# Summarize draws from specific chains

Hi,

When summarizing model output (e.g., using “print” on an rstan object), is there a way to only summarize draws from specific chains / exclude specific chains from the summary & calculation of n_eff and r-hat?

1 Like

I don’t think it’s natively supported in `rstan`, but you can do it via the `subset_draws` function in the `posterior` package: https://github.com/stan-dev/posterior

``````library(posterior)

# Convert rstan object to array of samples
fit_draws = as_draws(fit)

# Extract first two chains
draws_12 = subset_draws(fit_draws,chain=1:2)

# Summarise first two chains
summarise_draws(draws_12)
``````

Or in one line:

``````summarise_draws(subset_draws(as_draws(fit),chain=1:2))
``````
4 Likes

@jonah Is this the most efficient way of summarising a subset of chains from a `stanfit` object with `posterior`? Still getting used to the package

1 Like

Thanks!

Is there a way to quickly extract specific parameters? e.g. in rstan can simply specify “pars” argument

Yep, using the `variable = ` option of the `subset_draws` command:

``````library(posterior)

# Convert rstan object to array of samples
fit_draws = as_draws(fit)

# Extract first two chains, and only the "mu" & "tau" parameters
draws_12 = subset_draws(fit_draws,chain=1:2,variable=c("mu","tau"))

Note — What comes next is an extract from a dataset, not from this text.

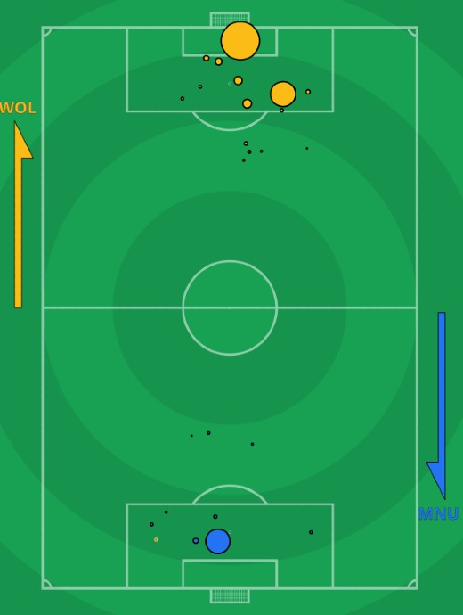 xG Wolves 2.06-0.85 Man United shots map (Actual score Wolverhampton 0-1 MU)

# Summarise first two chains
summarise_draws(draws_12)
``````
3 Likes

Sorry for the slow reply! Yeah I think using `subset_draws()` is the way to go. Alternatively you could first just get the subset of chains from rstan using `as.array(fit)[,1:2,]` and then pass that to posterior, which saves you having to call `subset_draws()`. But `subset_draws()` shouldn’t be super inefficient or anything.

3 Likes

I am trying to focus on a subset of chains, as the OP was doing, and I am getting this error message:

``````> stan_mcmc_fpp_123 <- subset_draws( as_draws(stan_data_fpp), chain=1:3)
Error: All variables in all chains must have the same length.
``````

(Chain 4 did not get anywhere close to mixing with others, it’s just a straight line on traceplots, and judging from the slope, it would take it at least 20,000 draws to get there; all draws were divergent after the warmup, so maybe `rstan::sampling()` did not really save that much. The successful chains took ~4 hours each to run, so at the moment I kinda want to make do with chains 1:3.)

I’d second an opinion that it is worth adding `chains=numeric_vector` to the methods like `stanfit.summary`, but I understand it is a lot of refactoring.